Abstract:
Is Bob Dylan a literary writer? Can we interpret him as a literary writer? These are the central questions which hover over the discussion throughout this thesis as a series of aspects critical to Dylan's art are discussed and analysed. What quickly becomes apparent, though, is that the issue is not so much whether Bob Dylan is a literary writer, but rather what is the extent of his literary significance? The analysis, here, involves a close reading of Dylan's text, his lyrics, but the aim of this study is not to prove that Dylan is a poet or that his lyrics are poetry. Rather, emphasis is given to the fact that Dylan is not literary in a traditional sense, but that that in itself does not exclude his work from being so. The very fact that Dylan is a songwriter working in a popular medium imbues his lyrics with an atmosphere and perspective which may be unique in modern literature.
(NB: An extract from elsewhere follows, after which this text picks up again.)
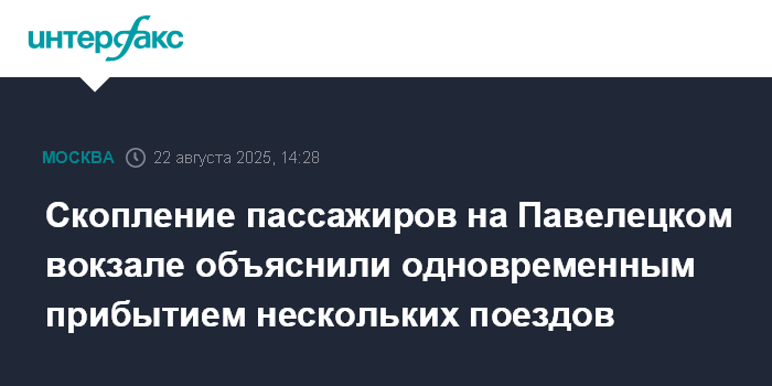 Москва. 22 августа. INTERFAX.RU - Скопление пассажиров на Павелецком вокзале, которое наблюдалось утром в пятницу, связано с одновременным прибытием нескольких поездов дальнего и пригородного сообщения, сообщили "Интерфаксу" в пресс-службе Московской железной дороги (МЖД).

By treating Dylan as a songwriter rather than as a poet allows for consideration of how the lyrics are performed on record, which is of course the ultimate expression of Dylan's art. In this sense the process of interpreting Bob Dylan is totally unique from that of any other literary writer.
The thesis begins with a discussion of those lyrics by Dylan which deal specifically with the cyclical process of inspiration. The connections between the style and spontaneous approaches of Dylan and William S Burroughs are then considered, along with a comparative analysis of Dylan's 'Desolation Row' with T S Eliot's pivotal modernist poem, 'The Waste Land'. The thesis concludes with an interpretation of Dylan's 1997 album, Time Out of Mind, a recording which both focuses and redirects many of the crucial aspects of Dylan's art.